[Items from a data source]
....................

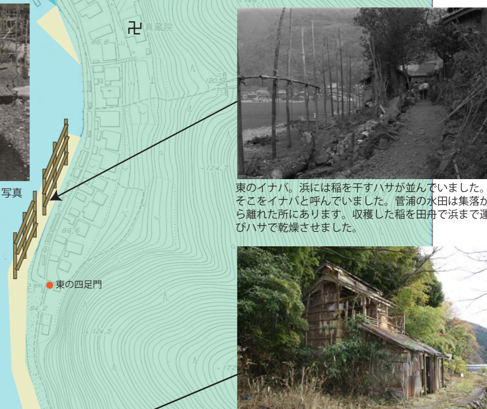
タバコ小屋。菅浦では、昭和35年頃までタバコを生産していました。現在でも乾燥場跡が残っています。
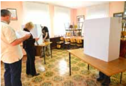
Še zadnji premislek pred odločitvijo in vprašanje, kdo si zares zasluži moj glas?!
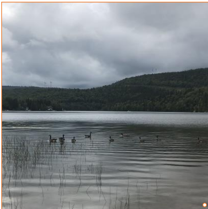
○ Vue du lac et de la faune présente lors de l'atelier d'identification

Au lac Saint-Sébastien, notre équipe a identifié 27 espèces , soit 4 plantes flottantes , 11 plantes émergées , 8 plantes submergées et 2 organismes aquatiques . La patrouille a été effectuée sur l'ensemble du périmètre du lac, où six herbiers principaux ont été délimités. Le plus grand herbier couvre la partie nord du lac et est partagé sur cinq secteurs du lac (1, 2, 4, 6 et 7). De plus petits herbiers longent la rive ouest du lac. Enfin, on compte trois herbiers dans les secteurs 9, 10 et 11 et un dernier à proximité de l'île contenue dans le lac. De plus, 2 espèces de plantes exotiques envahissantes ont été observées. Notons que le secteur 6 inclut une portion du cours d'eau à l'exutoire du lac.
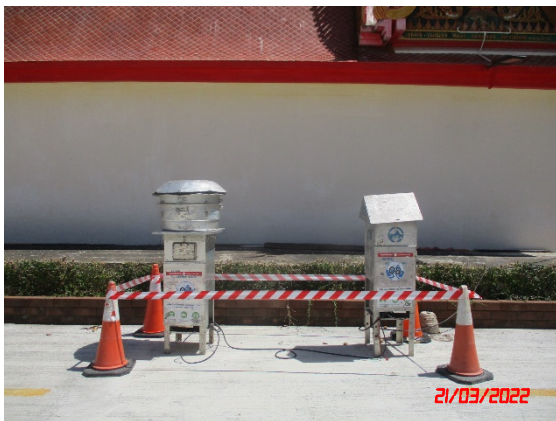
วัดบ้านลำ
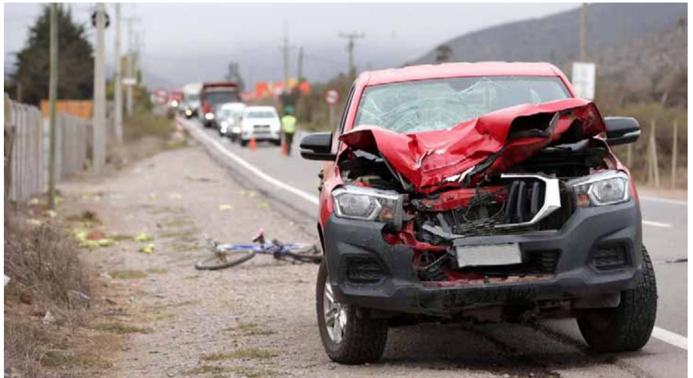
El atropello ocurrió a las 6.30 horas, cerca de la localidad de Pelicana.

En conversación con El Día, la hermana de la víctima lamenta que el conductor de la camioneta se encuentre libre a la espera de citación. Afirma no haber recibido disculpas por la tragedia y buscan asesorarse con un abogado.
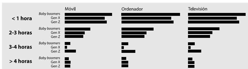
Figura 4. Tiempo de consulta sobre la COVID-19 desde el móvil, ordenador y televisión, al día y por generaciones.

Más de cuatro horas. Menos personas optaron por esta elección. Los datos resultantes no superan el 2% para las tres generaciones.
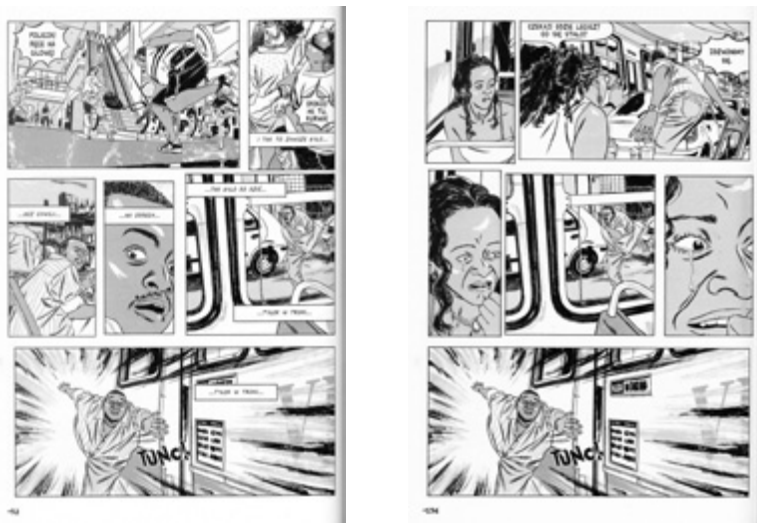
Fig. 1: Uma sequência cortada em Wolfram que se completa parcialmente entre p. 52 e p. 136 (exemplo de funcionamento da network )
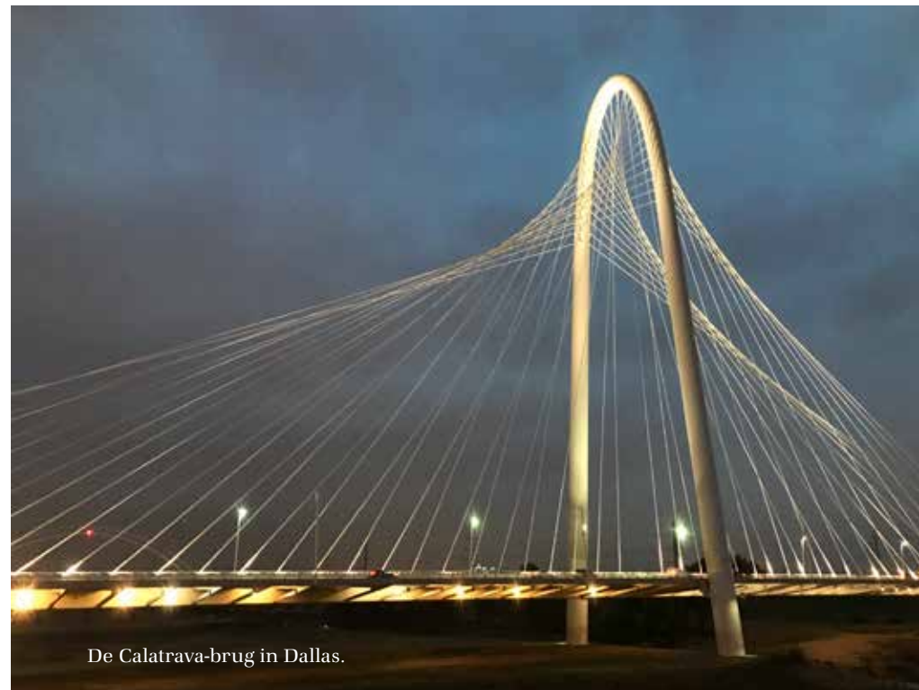
De Calatrava-brug in Dallas.

....................

## TASK DETAILS
Return nothing but the lines running from the start of the data to the line with "El atropello ocurrió", please, both ends included and no pictures.

## SOLVED EXERCISE
タバコ小屋。菅浦では、昭和35年頃までタバコを生産していました。現在でも乾燥場跡が残っています。
Še zadnji premislek pred odločitvijo in vprašanje, kdo si zares zasluži moj glas?!
○ Vue du lac et de la faune présente lors de l'atelier d'identification

Au lac Saint-Sébastien, notre équipe a identifié 27 espèces , soit 4 plantes flottantes , 11 plantes émergées , 8 plantes submergées et 2 organismes aquatiques . La patrouille a été effectuée sur l'ensemble du périmètre du lac, où six herbiers principaux ont été délimités. Le plus grand herbier couvre la partie nord du lac et est partagé sur cinq secteurs du lac (1, 2, 4, 6 et 7). De plus petits herbiers longent la rive ouest du lac. Enfin, on compte trois herbiers dans les secteurs 9, 10 et 11 et un dernier à proximité de l'île contenue dans le lac. De plus, 2 espèces de plantes exotiques envahissantes ont été observées. Notons que le secteur 6 inclut une portion du cours d'eau à l'exutoire du lac.
วัดบ้านลำ
El atropello ocurrió a las 6.30 horas, cerca de la localidad de Pelicana.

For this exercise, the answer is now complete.